Hello all!

I finally got my Lemmy instance up and running yay!

It runs on a local machine, I have nginx installed and my website pointing onto it.

lemmy.mindoki.com => my_static_ip(port 80) => local_ip => nginx

In ngunx I just set up a hello world message, and it works out. lemmy.mindoki.com shows it.

Now, my Lemmy instance is accessible on 0.0.0.0:1236 but obviously only from inside the hosting machine itself.

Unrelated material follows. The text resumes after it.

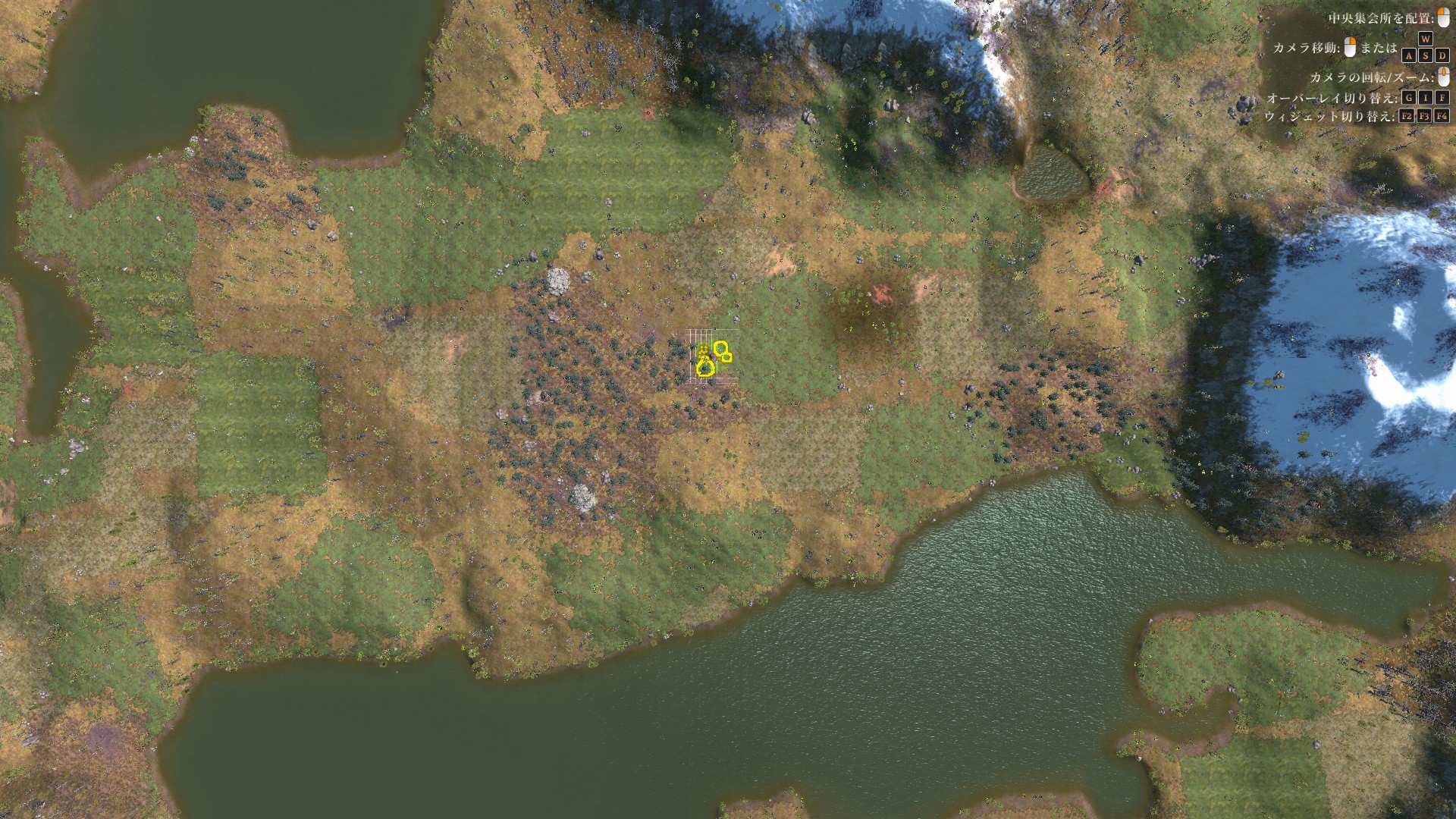 初期位置の南側は大きな湖で守られており、北と東は狭い隘路で守りやすく、西側も湖で挟まれているので塞ぎやすいが北と東に比べると若干守りにくさはある。

I have tinkered a bit with the nginx.conf but I feel there is lot of things to do wrongly, especially as it’s ‘dynamic’, but also it seems like a schoolbook example (for Lemmy, so no hits on my favourite search engine), so maybe someone has a working nginx.conf file to spare for a basic setup like this?

Thanks a bunch!

  • Valmond@lemmy.mlOPEnglish
    1·
    1 year ago

    Hello, I’m back with more questions and clarifications!

    This is what I did to install Lemmy:

    Install a fresh Linux Mint on an old PC.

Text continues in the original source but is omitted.